Apple / games / BITLIFE - LIFE SIMULATOR
REVIEW
BitLife turns the choose-your-own-adventure into a casual-game empire.
Candywriter's text-only life simulator keeps adding careers, royalty arcs, and crime ladders without ever pretending to be more than a list of buttons. That restraint is the point.
BY THE APP COMRADE DESK · MAY 10, 2026 · 4 MIN READ
BitLife - Life Simulator
CANDYWRITER, LLC
OUR SCORE
8.1
APPLE
★ 4.8
PRICE
Free
BitLife is a text adventure with the budget of a hit casual game and the discipline of a much smaller one. Open it and there are no cutscenes, no tutorials, no animated avatar — just a name, a country, a stat sheet, and a button labelled Age. Tap it and you’ve just lived a year of someone else’s life. Tap it eighty more times and you’ve finished a run.
Candywriter has been shipping this same loop since 2018 and somehow keeps it interesting. The trick is the catalogue: career trees for royalty, organized crime, the military, the priesthood, witchcraft, fame; mini-games for prison escapes and surgeries; one-time DLC packs that bolt on whole new subsystems without ever leaving the menu format. Every screen is a list of buttons, every decision is a paragraph, and the loop is genuinely hard to put down.
That commitment to the format is the editorial story here. In a category where every other free-to-play title is racing to add live-service hooks, gacha pulls, and 3D character builders, BitLife stayed flat, kept its writing sharp, and quietly built one of the longest-running successes on the App Store.
Every screen is a list of buttons, every decision is a paragraph, and the loop is genuinely hard to put down.
FEATURES
A run starts with a random name, country, and family. From there the entire game is a menu: Age, Occupation, Activities, Assets, Relationships. Tap Age and a year passes — your character ages, a few news items happen to them, and a fresh slate of decisions appears. That's the loop, and it's been the loop since 2018.
What's grown around it is the catalogue. Bitizenship — the in-app subscription — unlocks the full career tree (royalty, fame, mafia, special forces, witchcraft) plus mini-games for prison escape, heists, and the Time Asset Manager. Standalone expansions ship as one-time IAPs: BitLife Royalty added a monarchy track with succession and scandals, the Crime Pack added cartels and weapon trafficking, the Doctor pack added surgeries as a Hangman-style mini-game. Updates land roughly monthly.
The writing is the hook. Events are paragraph-length, occasionally crude, often funny, and willing to commit. Your character can be a serial killer who gets caught at 84, a Pope who dies of food poisoning, a country singer turned cult leader. There are no graphics beyond emoji and a UI portrait. Save slots, cloud sync via Game Center, and a Custom Character creator round out the structural features.
MISSION ACCOMPLISHED
The restraint is the achievement. Candywriter has resisted every obvious temptation to bolt on 3D avatars, real-time multiplayer, or gacha mechanics. The game stays a text adventure, which means the writing has to carry it — and it does. Each run takes ten to forty minutes, and the variance between runs is high enough that the hundredth playthrough still surfaces a scenario you haven't seen.

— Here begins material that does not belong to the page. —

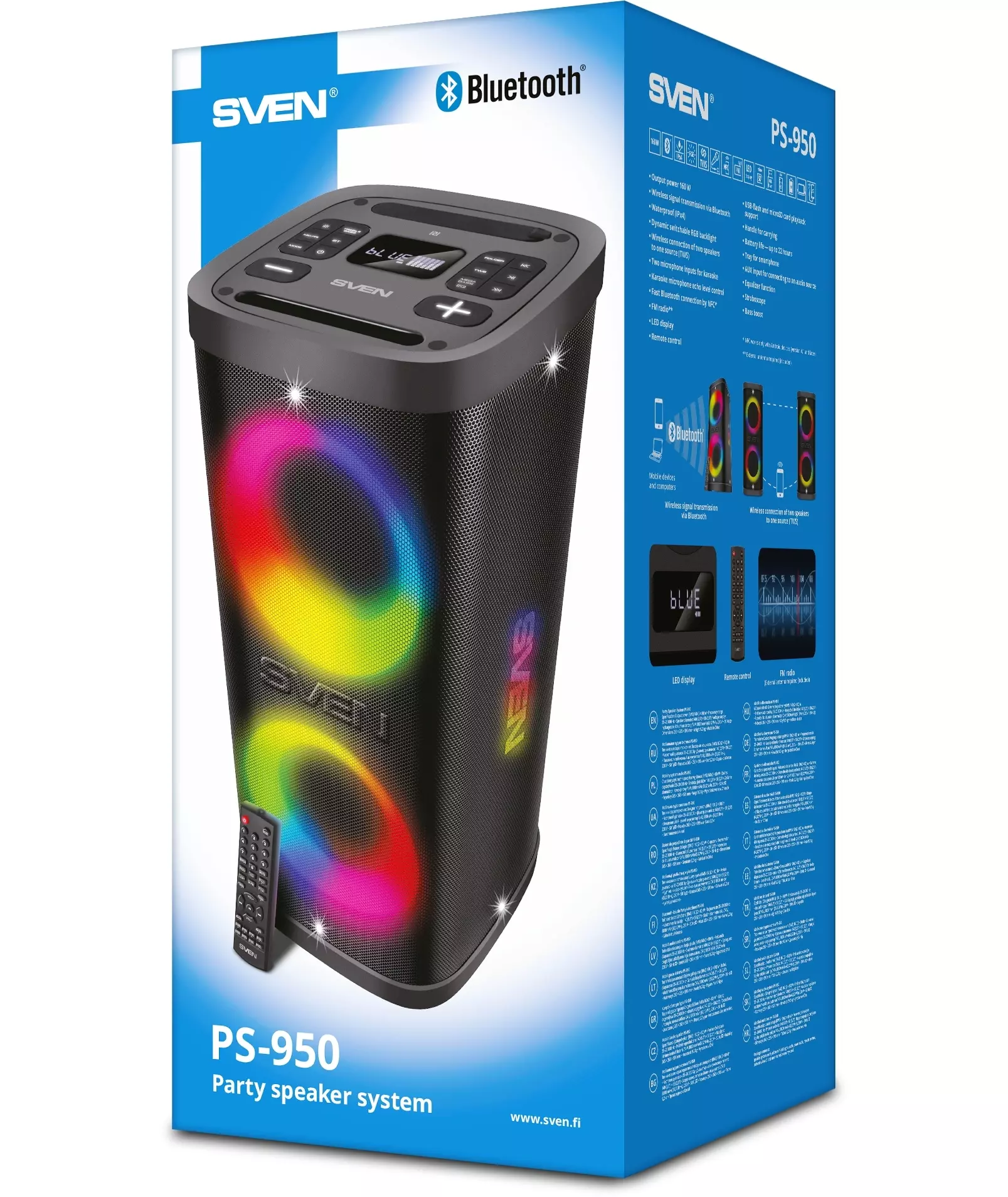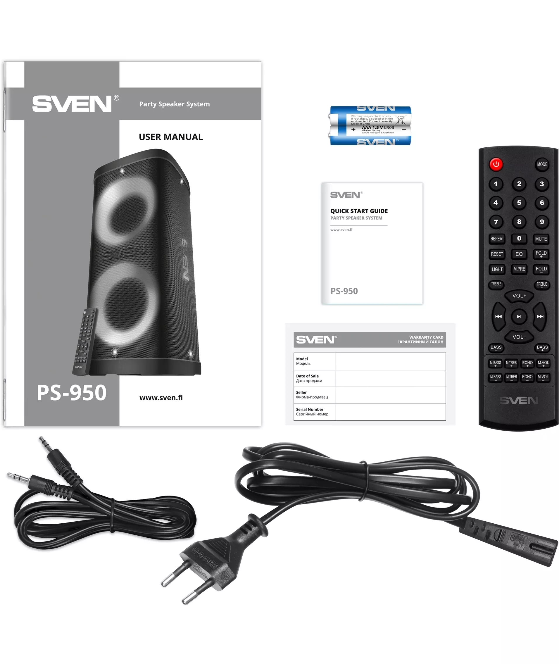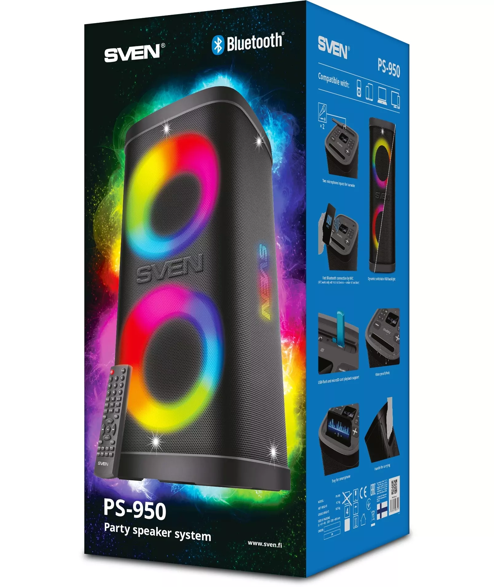 Колонка порт. SVEN АС PS-950 черный 160W Mono BT/3.5Jack 8800mAh [SV-022396]
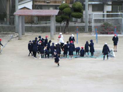 2学期最後の日・・・窓から外を見てみると、雪が降っていて子どもたちは、大騒ぎ!早速、休み時間外へ遊びに行きました。そして教室に、氷のお土産を持って帰ってきました。

Bitizenship at $4.99 a month or $14.99 a year is honestly priced for what it unlocks. The free tier is genuinely playable — you'll hit a paywall on the showier career paths, but ageing through a default life with the base actions costs nothing and works offline. Compare that to most "free" mobile games and BitLife looks like a publication you bought a subscription to, not a slot machine.
ROOM TO IMPROVE
The mature content is real and not always well-flagged. BitLife has been pulled from search, age-restricted, and re-rated more than once over its history — drug dealing, prostitution, school shootings as event flavor, and one notorious incident around an in-game scenario have all drawn coverage. The 17+ rating is doing real work; parents buying iPads for ten-year-olds should know what the icon actually contains.
The other ceiling is structural: it's still a list of buttons. There is no diegetic art, no map, no spatial layer. After enough runs the surprise drains out, and the expansion packs stop feeling like new games and start feeling like new content for the same game. A small but vocal slice of long-term players have been asking for relationship depth and meaningful long-arc consequences for years; the team has chosen breadth over depth instead.
CONCLUSION
Install it if you want a commute game with actual writing and a developer that isn't trying to extract a credit card from you on minute three. Skip it if you want graphics, story arcs that span runs, or anything you'd hand to a child. Watch for the next expansion pack — Candywriter ships them often enough that one of them will eventually be the one that pulls you back in.